## WHAT THE TASK ASKS
When you write out the listing, keep each word exactly as it stands but include none of its images.

## RECORDED DATA
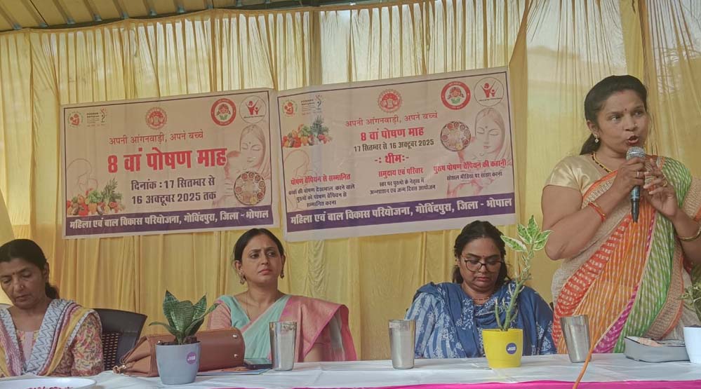 गोविंदपुरा में धूमधाम से मना पोषण माह, पुरुष बने पोषण चैंपियन अन्नप्राशन, जन्मदिन का जश्न और क्विज़ प्रतियोगिता ने बढ़ाया उत्साह भोपाल गोविंदपुरा परियोजना के इंद्रपुरी सेक्टर के आंगनबाड़ी केंद्र क्रमांक 549 में सोमवार को 8वें पोषण माह की गतिविधियों का रंगारंग आयोजन किया गया। इस मौके पर कार्यक्रम की थीम रही – “बच्चों की पोषण देखभाल करने वाले पुरुषों को पोषण चैंपियन से सम्मानित करना और उनकी कहानियां साझा करना।” कार्यक्रम का शुभारंभ परियोजना अधिकारी श्रीमती शुभा श्रीवास्तव ने दीप प्रज्वलन और सरस्वती पूजन से किया। इसके बाद माहौल और भी जीवंत हुआ जब सामाजिक संस्थाओं से जुड़ीं श्रीमती किरण शर्मा (सकारात्मक सोच संस्था), श्रीमती रेणु (आरंभ संस्था) और श्रीमती रेखा श्रीधर (मीत संस्था) ने मंच से महिलाओं और पुरुषों को संबोधित किया। उन्होंने परिवार और समाज में पोषण संबंधी जागरूकता पर जोर देते हुए कहा कि “पोषण केवल महिलाओं की जिम्मेदारी नहीं, पुरुष भी इसमें सक्रिय भूमिका निभाएं।” सेक्टर सुपरवाइजर श्रीमती अनामिका पटेल ने उपस्थित लोगों को पोषण माह की रूपरेखा और उद्देश्य समझाए। वहीं श्रीमती नीति सक्सेना ने पुरुष प्रतिभागियों के लिए क्विज़ प्रतियोगिता का आयोजन किया। सवालों के जवाब देने में पुरुषों का उत्साह देखते ही बनता था। थीम के अनुरूप कार्यक्रम में अन्नप्राशन और जन्मदिन समारोह भी रखा गया। खास बात यह रही कि बच्चों के जन्मदिन का केक टीएचआर (टेक होम राशन) से तैयार किया गया था, जिसे काटकर पूरे उल्लास के साथ बच्चों का जन्मदिन मनाया गया। इसके अलावा आंगनबाड़ी कार्यकर्ताओं ने पोषण व्यंजन प्रदर्शनी भी सजाई। प्रतिभागियों ने इन पौष्टिक व्यंजनों का स्वाद लिया और उनकी महत्ता समझी। अंत में सभी अतिथियों और प्रतिभागियों का स्वागत स्वल्पाहार के साथ किया गया। पूरे कार्यक्रम में माहौल उत्साह और जागरूकता से सराबोर रहा।
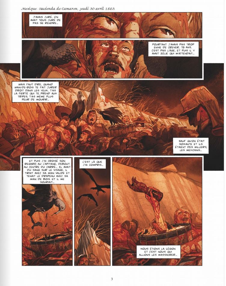 Pour sa première bande dessinée, Jean-André Yerlès, scénariste pour l’audiovisuel, s’associe au flamboyant dessin de Marc-Antoine Boidin pour nous plonger dans une épopée virtuose et romanesque aux sources de la Légion étrangère. Une institution aujourd’hui chargée de symbole et dont la légende s’est écrite dans le sang, au Mexique, lors de la bataille de Camerone de 1863. En 5 volumes, Legio Patria Nostra (« La Légion, notre patrie », devise de la Légion) nous raconte autant cette histoire que le parcours initiatique d’un orphelin des rues qui trouvera sa famille dans la Légion et apprendra parmi eux à devenir un soldat, un guerrier et tout simplement un homme dans la France turbulente du Second empire.
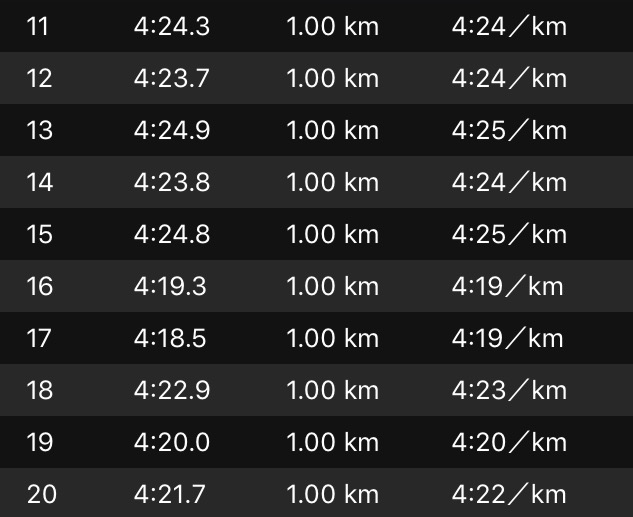 4'20との攻防戦もあと10km。ギリギリ粘っていたが、雨で重くなったシューズが地味に体力を奪っていた。久々に味わうロング走の苦しさ。
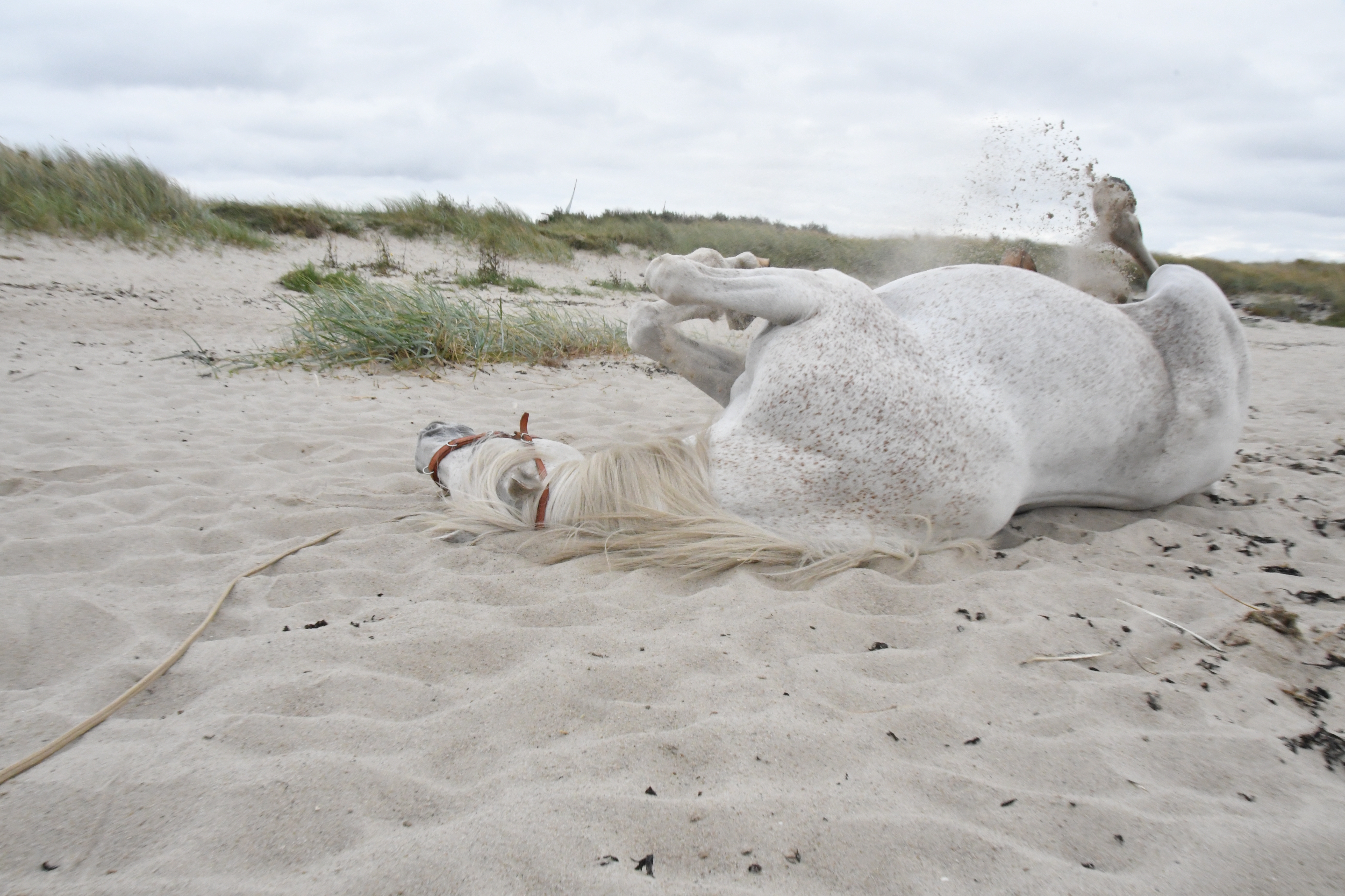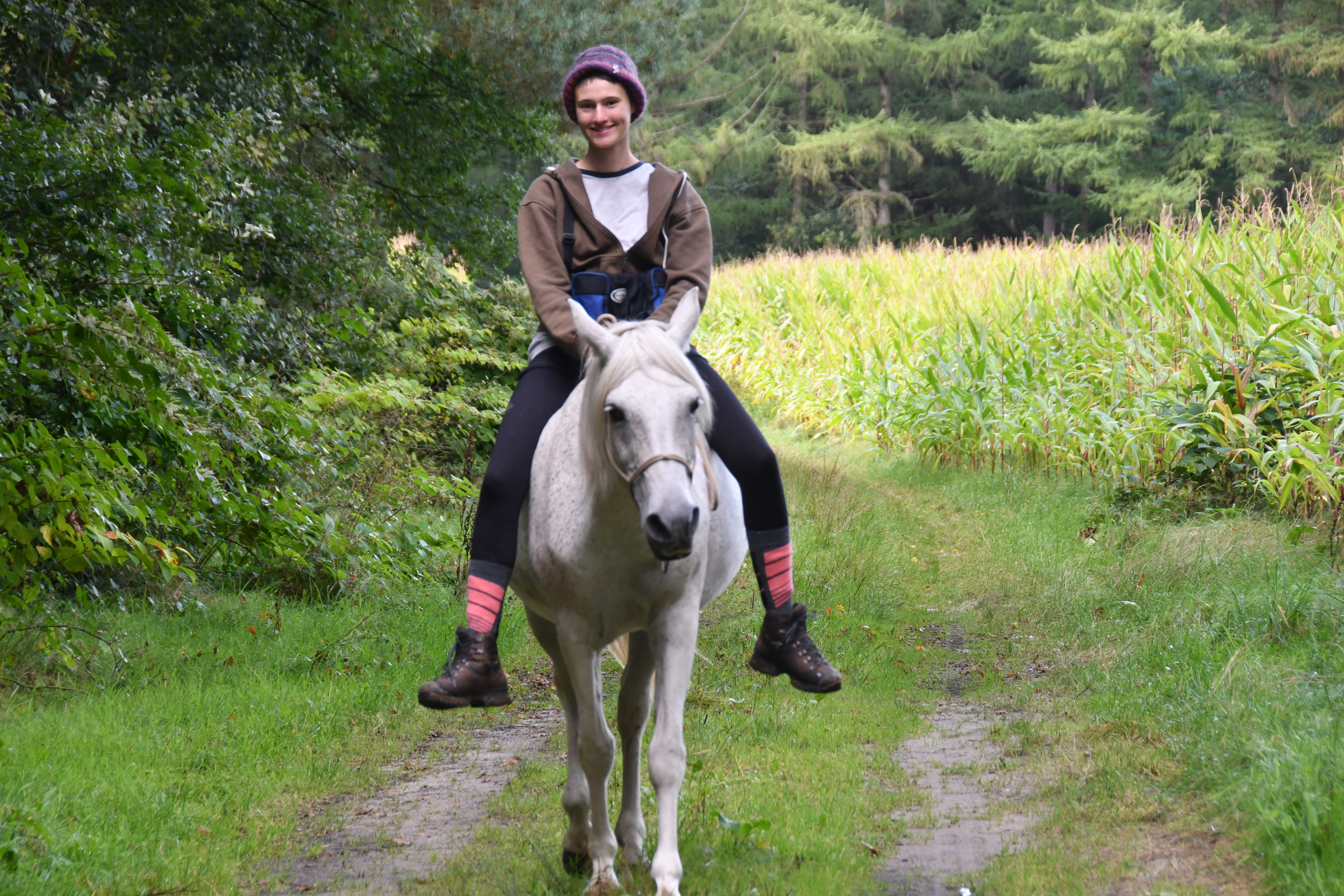 Dass Phoebe erst angeritten ist und noch keine Kommandos von oben kennt, macht den „Ritt“ umso lustiger. Immer wieder hält sie an, frisst etwas und trabt dann kurzerhand wieder auf. Manchmal überholt sie auch Amica, man merkt, dass auch die beiden Damen Spaß haben. Zu diesem Zeitpunkt haben wir die Schmerzen von vor ein paar Stunden fast wieder vergessen.

## YOUR RESPONSE
 गोविंदपुरा में धूमधाम से मना पोषण माह, पुरुष बने पोषण चैंपियन अन्नप्राशन, जन्मदिन का जश्न और क्विज़ प्रतियोगिता ने बढ़ाया उत्साह भोपाल गोविंदपुरा परियोजना के इंद्रपुरी सेक्टर के आंगनबाड़ी केंद्र क्रमांक 549 में सोमवार को 8वें पोषण माह की गतिविधियों का रंगारंग आयोजन किया गया। इस मौके पर कार्यक्रम की थीम रही – “बच्चों की पोषण देखभाल करने वाले पुरुषों को पोषण चैंपियन से सम्मानित करना और उनकी कहानियां साझा करना।” कार्यक्रम का शुभारंभ परियोजना अधिकारी श्रीमती शुभा श्रीवास्तव ने दीप प्रज्वलन और सरस्वती पूजन से किया। इसके बाद माहौल और भी जीवंत हुआ जब सामाजिक संस्थाओं से जुड़ीं श्रीमती किरण शर्मा (सकारात्मक सोच संस्था), श्रीमती रेणु (आरंभ संस्था) और श्रीमती रेखा श्रीधर (मीत संस्था) ने मंच से महिलाओं और पुरुषों को संबोधित किया। उन्होंने परिवार और समाज में पोषण संबंधी जागरूकता पर जोर देते हुए कहा कि “पोषण केवल महिलाओं की जिम्मेदारी नहीं, पुरुष भी इसमें सक्रिय भूमिका निभाएं।” सेक्टर सुपरवाइजर श्रीमती अनामिका पटेल ने उपस्थित लोगों को पोषण माह की रूपरेखा और उद्देश्य समझाए। वहीं श्रीमती नीति सक्सेना ने पुरुष प्रतिभागियों के लिए क्विज़ प्रतियोगिता का आयोजन किया। सवालों के जवाब देने में पुरुषों का उत्साह देखते ही बनता था। थीम के अनुरूप कार्यक्रम में अन्नप्राशन और जन्मदिन समारोह भी रखा गया। खास बात यह रही कि बच्चों के जन्मदिन का केक टीएचआर (टेक होम राशन) से तैयार किया गया था, जिसे काटकर पूरे उल्लास के साथ बच्चों का जन्मदिन मनाया गया। इसके अलावा आंगनबाड़ी कार्यकर्ताओं ने पोषण व्यंजन प्रदर्शनी भी सजाई। प्रतिभागियों ने इन पौष्टिक व्यंजनों का स्वाद लिया और उनकी महत्ता समझी। अंत में सभी अतिथियों और प्रतिभागियों का स्वागत स्वल्पाहार के साथ किया गया। पूरे कार्यक्रम में माहौल उत्साह और जागरूकता से सराबोर रहा।
 Pour sa première bande dessinée, Jean-André Yerlès, scénariste pour l’audiovisuel, s’associe au flamboyant dessin de Marc-Antoine Boidin pour nous plonger dans une épopée virtuose et romanesque aux sources de la Légion étrangère. Une institution aujourd’hui chargée de symbole et dont la légende s’est écrite dans le sang, au Mexique, lors de la bataille de Camerone de 1863. En 5 volumes, Legio Patria Nostra (« La Légion, notre patrie », devise de la Légion) nous raconte autant cette histoire que le parcours initiatique d’un orphelin des rues qui trouvera sa famille dans la Légion et apprendra parmi eux à devenir un soldat, un guerrier et tout simplement un homme dans la France turbulente du Second empire.
 4'20との攻防戦もあと10km。ギリギリ粘っていたが、雨で重くなったシューズが地味に体力を奪っていた。久々に味わうロング走の苦しさ。
 Dass Phoebe erst angeritten ist und noch keine Kommandos von oben kennt, macht den „Ritt“ umso lustiger. Immer wieder hält sie an, frisst etwas und trabt dann kurzerhand wieder auf. Manchmal überholt sie auch Amica, man merkt, dass auch die beiden Damen Spaß haben. Zu diesem Zeitpunkt haben wir die Schmerzen von vor ein paar Stunden fast wieder vergessen.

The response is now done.